Animals

Thermoregulation

There are a number of physical responses that occur in the a mammal’s body when it is exposed to heat. It is important to not only understand what thermoregulation is, but the physiological and/or anatomical thermoregulatory responses that allow sustained exercise in horses.

Understanding Thermoregulation

Thermoregulation is the control of body temperature within certain limits even when the surrounding temperature is very different. This enables the body to function effectively and is known as maintaining homeostasis, which is a dynamic state of stability between an animal’s internal environment and its external environment.

A relatively constant body temperature is necessary for the efficient functioning of the complicated brain of higher animals. Extreme temperatures alter biological molecules and disrupt body functions resulting in illness such as hyperthermia or hypothermia, which if not treated can lead to death. Mechanisms have subsequently evolved in mammals to enable body temperatures to stay within certain limits.

All mammals are endothermic meaning they maintain and regulate their own body temperature. Mammals and birds maintain a constant body temperature which is usually above the environmental temperature, known as homeothermic.

Adapting to the Environment

Mammals live in a number of widespread environments around the world, forcing them to face daily and seasonal fluctuations in temperatures. Some mammals live in harsh environments, such as arctic or tropical regions, and must withstand extreme cold and heat. In order to maintain its correct body temperature, a mammal must be able to produce and conserve body heat in colder temperatures, as well as dissipate excess body heat in warmer temperatures. Some mammals have adapted to their environment by increasing their surface area in the extremities, such as large ears on the Zebou cattle.
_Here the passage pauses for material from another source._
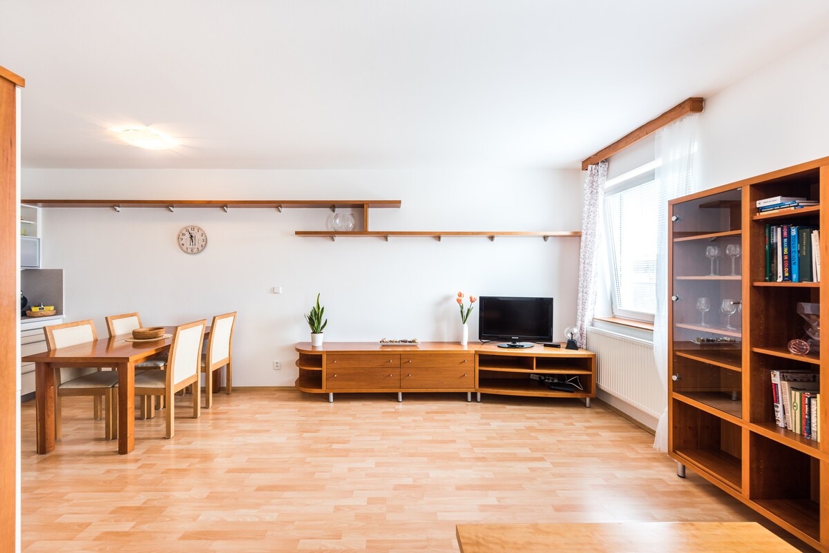 Die Wohnung befindet sich 10 Gehminuten vom Messegelände, 10 Minuten vom Zentrum der Reproduktionskliniken (IVF-Klinik reproGenesis, Unica, Reprofit), 5 Minuten von der Fakultät für Wirtschaft und Verwaltung der Masaryk-Universität entfernt. In ca. 30 Minuten können Sie das historische Stadtzentrum zu Fuß erreichen. In Reichweite des Radwegs, der den Brünner Stausee und das Einkaufszentrum Olympia verbindet.

Animals that are exposed to the cold have heavier organs, and their skin color is dependent upon the amount of radiation they are exposed to. In colder climates, fat under the skin provides mammals with necessary insulation. Due the to surface to volume ratio, a large animal has the advantage over smaller animals since less skin is exposed to the elements.

Surviving the Heat

While fat is necessary in colder temperatures, it is also crucial for mammals living in warmer climates. The Zebra cattle deposit fat deep in the body to aid greater heat tolerance, while camels deposit fat in their humps.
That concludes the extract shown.